Em Bogotá, colombianos se preparam para acompanhar jogo contra o Uruguai

 

Colombianos se preparam para assistir à partida entre Uruguai e Colômbia pelas oitavas de final (Repórter Leandra Felipe)

Colombianos se preparam para assistir à partida entre Uruguai e Colômbia pelas oitavas de final (Repórter Leandra Felipe)

Pela segunda vez na história de sua participação em copas do Mundo, a Colômbia chega as oitavas de final e enfrenta hoje (28) o Uruguai. A população do país se prepara para assistir aos jogos deste sábado e no começo da manhã já se concentrava em frente a bares, restaurantes e guardava lugares em parques para acompanhar a partida entre do Brasil com o Chile, e depois a partida da seleção colombiana com os uruguaios. Desde ontem (27) colombianos motivavam a seleção com mensagens nas redes sociais com a frase: “sim, vale sonhar”.

Os colombianos estão divididos sobre a torcida para o Brasil. Antes da Colômbia avançar para as oitavas de final, os colombianos torciam pelo futebol brasileiro, agora já começam a torcer contra a seleção brasileira. “O Brasil é pentacampeão e não queremos enfrentá-los se passarmos do Uruguai”, disse o administrador de empresas, Lucas Ignácio Muñoz.

Perguntado sobre o que fará se a Colômbia não conseguir passar pelo Uruguai e o Brasil vencer o Chile, Muñoz não teve dúvidas: “Aí, vamos torcer pelo Brasil”, respondeu. A expectativa é grande no país, esta é a quinta Copa do Mundo da Colômbia e somente em 1990 a seleção chegou às oitavas de final, mas foi derrotada por Camarões, na prorrogação.

Em Bogotá, os jogos de hoje serão transmitidos em bares, restaurantes, cinemas e em 16 espaços públicos (parques e praças) com telões de alta definição.

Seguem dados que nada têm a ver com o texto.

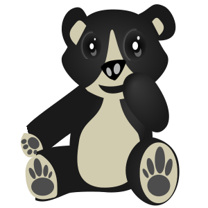 This features a black and beige teddy bear sitting down with its paws crossed. It has a smiling expression, giving it a friendly appearance. The bear is positioned in the center of the scene, occupying most of the frame. Its design appears to be simple yet charming, making it an appealing image for children or anyone who enjoys cute animal illustrations.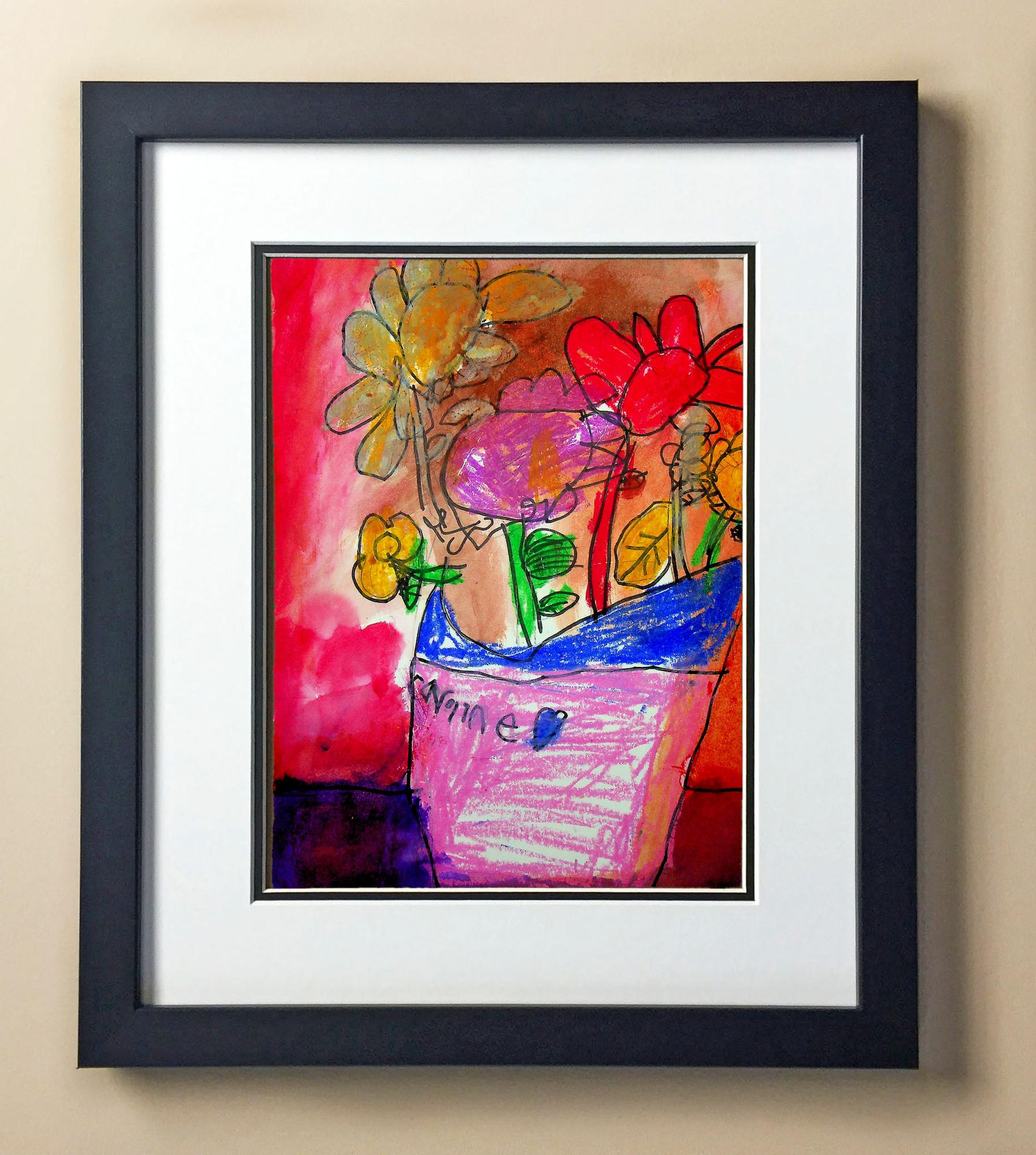 Included with the purchase is the Students Artwork, Frame, double matboard, shatter proof plexiglass, and a ready to hang backerboard with turnbuttons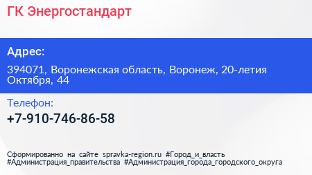 ГК Энергостандарт по адресу 394071, Воронежская область, Воронеж, 20-летия Октября, 44 в дальнейшем Организация, размещена в следующих категориях: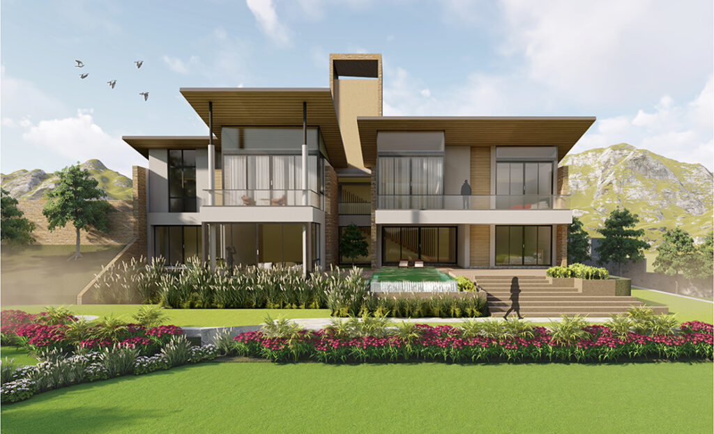 Material choices reflect warmth and regional sensitivity, stone textures, timber finishes, and neutral tones merge seamlessly with the natural palette outside. Wide terraces and projecting balconies extend the living experience outdoors, blurring the threshold between architecture and nature.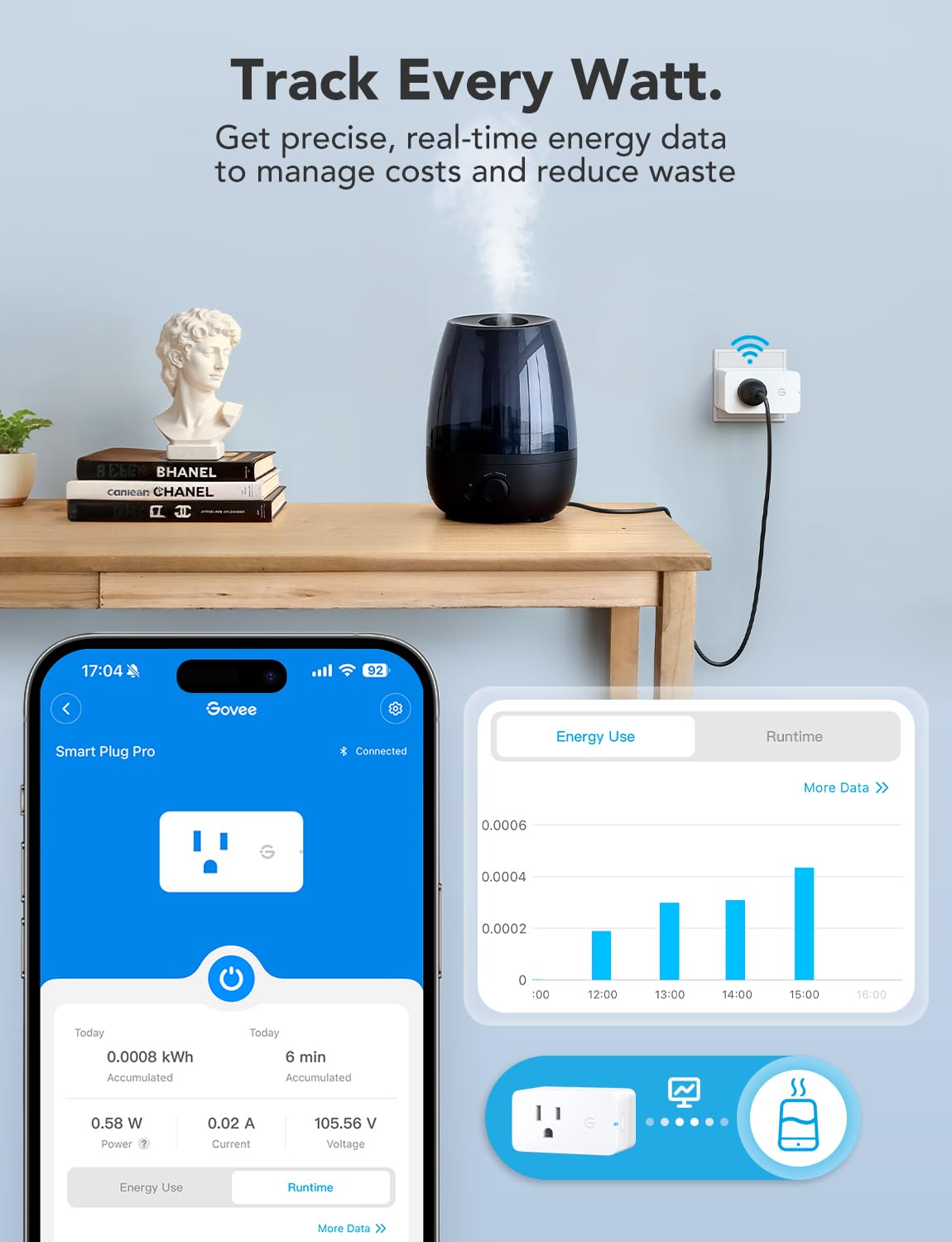 Real-Time Energy Monitoring: Smart plugs track the real-time power, current, and voltage of your plug-in devices on Govee Home App. Supports reviewing data daily / weekly / monthly and up to 1 year to effectively save energy and reduce waste.

Com a euforia no país e episódios de violência ocorridos na estreia da seleção no dia 14 de junho, as prefeituras de algumas cidades como Bogotá e Cali resolveram manter a Lei Seca hoje, por causa da partida, como fez nas últimas duas partidas. Desde as 6h da manhã (8h, no horário de Brasília), está proibida a venda de bebidas alcoólicas.

Mas a aplicação da medida não agradou aos donos de estabelecimentos comerciais que vendem bebidas alcoólicas na capital colombiana. A Associação de Bares e restaurantes de Bogotá (Assobares) afirmou ter perdido mais de 70 bilhões de pesos colombianos (U$ 37 milhões) por causa da restrição

Em entrevistas à imprensa local, o presidente da Assobares, Camilo Ospina, disse que a medida foi “exagerada” e defendeu que as nove mortes e mais de 100 feridos – provocadas pelas 3,2 mil brigas registradas após a partida de estreia contra a Grécia – ocorreram nas ruas da periferia da capital e entre gangues inimigas.

“Não houve casos de violência entre o público que frequenta bares e restaurantes, os confrontos poderiam ser evitados se houvesse mais policiamento nas ruas”, destacou.

Mesmo assim, a prefeitura de Bogotá argumenta que a restrição de venda de bebidas alcoólicas reduziu a quantidade de confrontos (as chamadas riñas).

Alguns colombianos aprovaram a adoção da lei seca. O professor universitário Juliano González disse à Agência Brasil que as pessoas têm dificuldade de controlar excessos quando comemoram vitórias da seleção. “Isso aqui é cultural. Mas assim, eu fico mais tranquilo para vir acompanhar os jogos no parque”, diz. Ele chegou cedo com a esposa e o filho de dois anos para fazer um piquenique e assistir no telão a partida da seleção brasileira e em seguida da seleção colombiana.

Para conter as brigas e tentar diminuir os excessos, também foi proibido o uso de farinha de trigo nas comemorações. Na Colômbia, é muito comum a celebração com espuma e farinha. “Tem gente que não gosta, mas quem não gosta deveria não ir para os lugares onde poderíamos brincar”, defende o motociclista Enrique Muñoz, 22 anos.